What dry eye disease actually is, briefly
Dry eye disease is a multifactorial disease of the ocular surface characterized by loss of tear film homeostasis, accompanied by ocular symptoms, with tear film instability, hyperosmolarity, ocular surface inflammation, and neurosensory abnormalities playing etiological roles. That's the TFOS DEWS II definition, and it matters because dry eye is not one condition.
The clinical classification splits into three groups. Aqueous-deficient dry eye, where the lacrimal glands underproduce tears, is most often associated with Sjögren's syndrome and other autoimmune disease. Evaporative dry eye, where the tears are produced but the lipid layer is unstable, is most often driven by meibomian gland dysfunction (MGD) and is by far the more common subtype in screen-heavy adults. Mixed dry eye is exactly what it sounds like, and most chronic cases drift into mixed over time.
The American Academy of Ophthalmology Dry Eye Syndrome Preferred Practice Pattern uses a staged approach broadly aligned with TFOS DEWS II. Step 1 is patient education, environmental modification, preservative-free artificial tears, lid hygiene with warm compresses, and a discussion of omega-3 supplementation. Step 2 adds prescription anti-inflammatory drops (cyclosporine ophthalmic emulsion, lifitegrast, short-course topical corticosteroids). Step 3 brings in punctal plugs, autologous serum tears, and scleral lenses. Step 4 is for the small minority who need surgical intervention. Supplements live in Step 1, and they live there as adjuncts, not as a substitute for the drops.
The supplements with the strongest evidence

Omega-3 EPA/DHA (1,000 to 2,000 mg combined per day)
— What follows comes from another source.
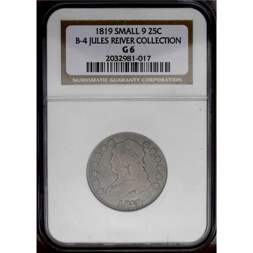<B>1819<25C> Small 9 B-4c R.4. Good 6 NGC. Die State V.</B></I> Small 9, curl over center of 9; Curve based 2, 5 doubled. The obverse now has an additional crack through the top of the date and this is one of the latest die states seen. Dark steel gray with lighter silver on the devices, with smooth, even wear and no significant surface problems. A very desirable die state.<BR><I>Ex: Paul Padget (7/1986).</B></I> Envelope Included.

Why it helps. EPA and DHA are anti-inflammatory long-chain omega-3 fatty acids. The mechanistic case in dry eye is meibomian gland lipid composition and tear film stability, plus general suppression of ocular surface inflammation through resolvin and protectin pathways. The mechanism is real. The clinical signal is where it gets honest.
What the trials show. This is the supplement people search for, and the evidence demands an honest read. Multiple smaller RCTs, including Bhargava 2013 (n=478, computer users) and a series of MGD-specific trials, showed modest improvements in Ocular Surface Disease Index (OSDI) scores and tear break-up time over 3 to 6 months. Then the DREAM Study (n=535, NEJM 2018) randomized patients with moderate-to-severe dry eye to 3,000 mg of omega-3 (2,000 mg EPA + 1,000 mg DHA) versus an olive oil placebo for 12 months and found no significant difference between the groups on OSDI or any objective sign. Both arms improved by about the same amount.
That null result complicates the earlier positive trials. It does not erase them. The plausible reconciliation is that the placebo arm in DREAM was not truly inert (olive oil contains its own bioactive lipids), the prior positive trials enrolled milder disease, and population-level effect is small enough to vary with study design. Treat omega-3 as a low-cost, low-risk Step 1 adjunct that may help, particularly in MGD-driven evaporative dry eye, while being honest that the largest and best-conducted trial was negative.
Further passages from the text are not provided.